Performance Impact of Index Fragmentation

The test results are discussed in more detail later in this paper; however, it is worth noting that although index fragmentation had an adverse effect on both environments, the impact on the large-scale environment was significantly less than on the small-scale environment. These results are to be expected because the larger environment benefits from greatly increased I/O performance provided by the SAN: Not only can the data be spread across many more spindles, but also the SAN provided 16 GB of data cache. The I/O benchmark tests performed when creating the 1-TB database yielded a maximum read throughput of 354 MB/sec, compared to only 71 MB/sec on the small-scale environment.

Note: These values can vary based on your specific implementation and storage configuration.

Obviously, having a high-performance I/O subsystem benefits SQL Server performance; however, performance gains can still be realized by defragmenting indexes across all systems. When building databases, give careful consideration to the I/O subsystem and be sure to isolate log files on separate spindles from data files whenever possible.

 

Deciding When to Defragment Indexes

Consider the following important recommendations when deciding to defragment indexes:

Identify fragmented indexes.

Understand which workload types benefit most from defragmenting.

Determine the amount of I/O performed by a query.

Understand the effect of fragmentation on disk throughput and the SQL Server read-ahead manager.

In the following sections, where appropriate, the results from the tests have been included to help illustrate the recommendations.

Using DBCC SHOWCONTIG to Identify Fragmented Indexes

When deciding to defragment, you must first identify the fragmented indexes.
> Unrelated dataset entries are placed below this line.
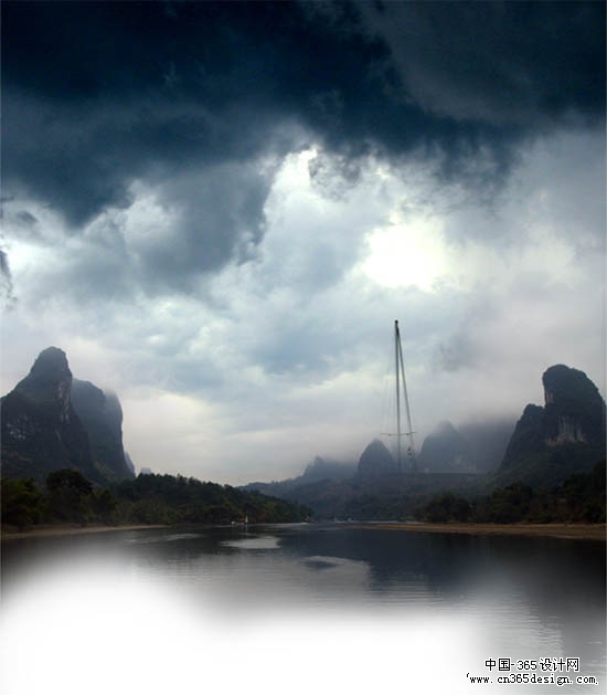 | 12、在打开“素材6”将其拖拽至画布,并将其拖到“山”组的下方,得到如图19所示效果。设置图层5的混合模式为“变暗”,在给其谈价“图层蒙版”用画笔工具涂抹得到如图20所示效果。 |
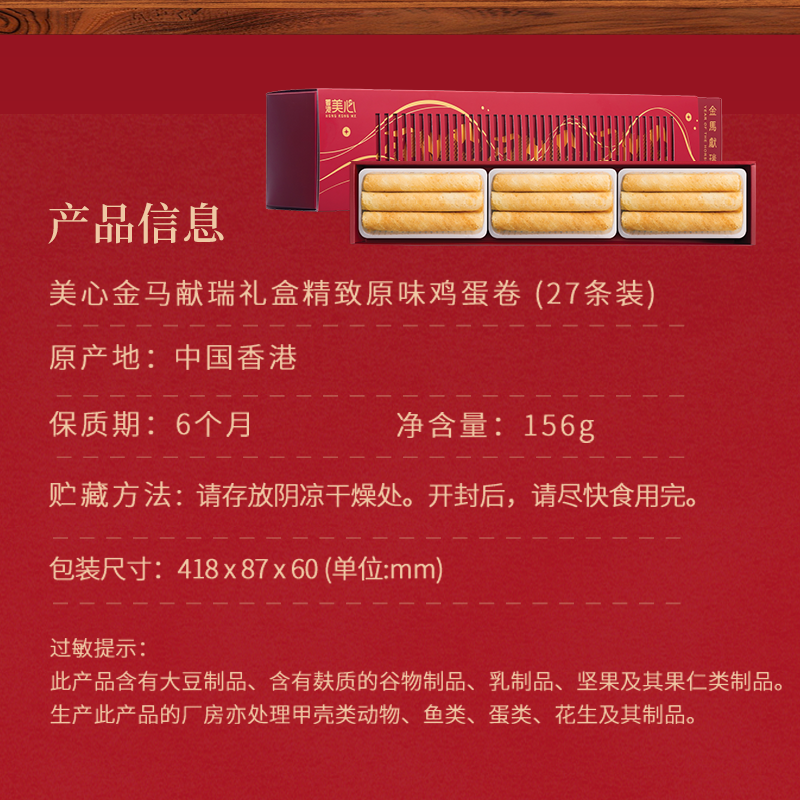 【新年礼盒】香港美心原味鸡蛋卷马年礼盒装年货礼送人团购新年
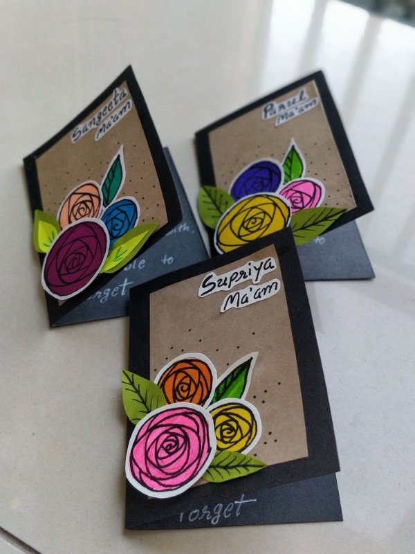 Take the help of your elders or YouTube to make cards with paper cutouts. Students can also use their favourite colour from their teachers to make them feel special.
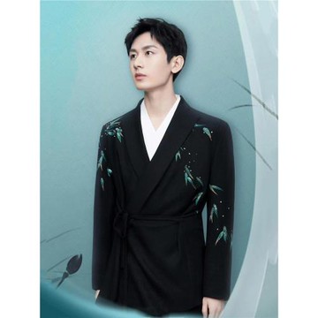 成毅明星同款西服中國風黑色竹葉落雪刺繡西裝休閑設計感綁帶上衣
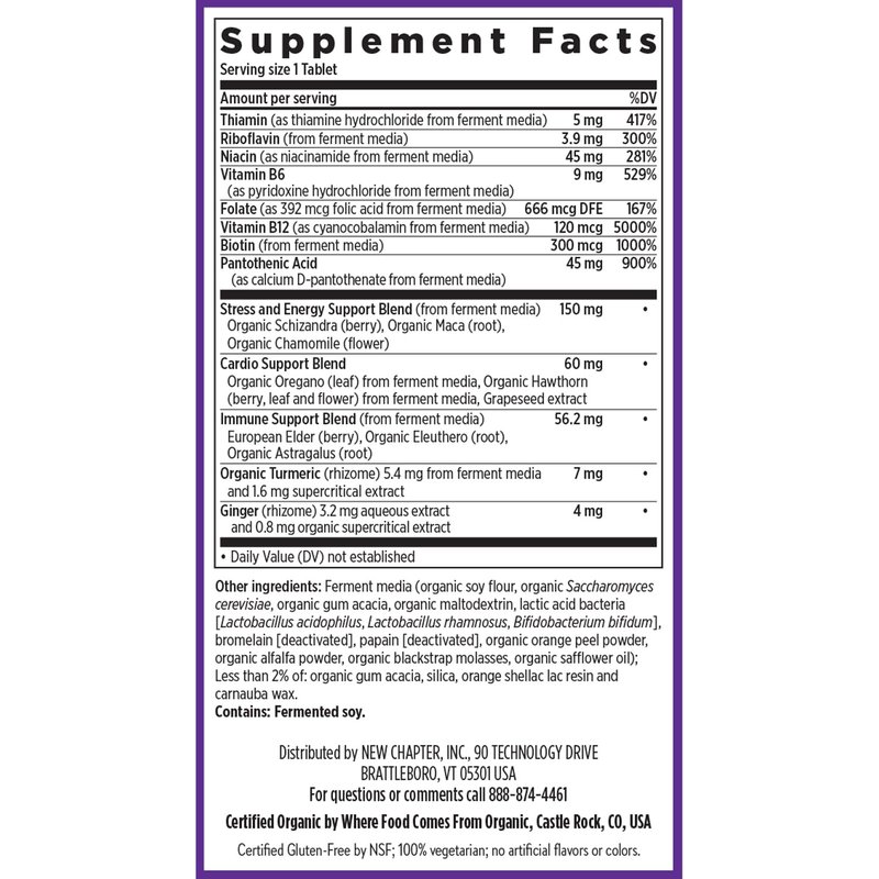 New Chapter Vitamin B Complex – Fermented Coenzyme B Complex Rich in Vitamin B12 + Vitamin B6 + Biotin + Made with Organic Ingredients - 60 ct
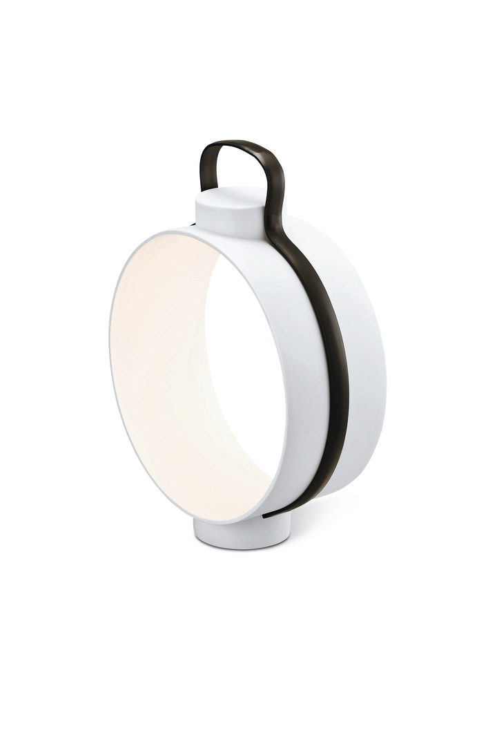 The Nightingale table lamp displays a creative structure: the light-reflecting lampshade is rotated 90 degrees. The delicate porcelain body is initially reminiscent of an antique lantern, yet presents thoroughly modern aesthetics through its clear form language and the soft beam of the LED light. A leather band – available in Bordeaux, dark brown or natural – serves as a handle and elegantly conceals the wiring. Nightingale is produced in two different heights, 27 and 42 cm.

DBCC SHOWCONTIG allows you to measure fragmentation and page density levels on indexes.

The following is sample output from DBCC SHOWCONTIG:

DBCC SHOWCONTIG scanning 'table_1' table...
Table: 'table_1' (453576654); index ID: 1, database ID: 8
TABLE level scan performed.
- Pages Scanned................................: 48584
- Extents Scanned..............................: 6090
- Extent Switches..............................: 12325
- Avg. Pages per Extent........................: 8.0
- Scan Density [Best Count:Actual Count].......: 49.27% [6073:12326]
- Logical Scan Fragmentation ..................: 10.14%
- Extent Scan Fragmentation ...................: 32.74%
- Avg. Bytes Free per Page.....................: 1125.2
- Avg. Page Density (full).....................: 86.10%
DBCC SHOWCONTIG scanning 'table_1' table...
Table: 'table_1' (453576654); index ID: 2, database ID: 8
LEAF level scan performed.
- Pages Scanned................................: 41705
- Extents Scanned..............................: 5221
- Extent Switches..............................: 6094
- Avg. Pages per Extent........................: 8.0
- Scan Density [Best Count:Actual Count].......: 85.55% [5214:6095]
- Logical Scan Fragmentation ..................: 7.80%
- Extent Scan Fragmentation ...................: 6.63%
- Avg. Bytes Free per Page.....................: 877.7
-  Avg. Page Density (full).....................: 83.20%

When you examine the results from DBCC SHOWCONTIG, pay particular attention to logical scan fragmentation and average page density. Logical scan fragmentation is the percentage of out-of-order pages in an index (Note: This value is not relevant on heaps and text indexes. A heap is a table with no clustered index.). Page density is a measure of fullness for leaf pages of an index. For more information, see the topic "DBCC SHOWCONTIG" in SQL Server Books online.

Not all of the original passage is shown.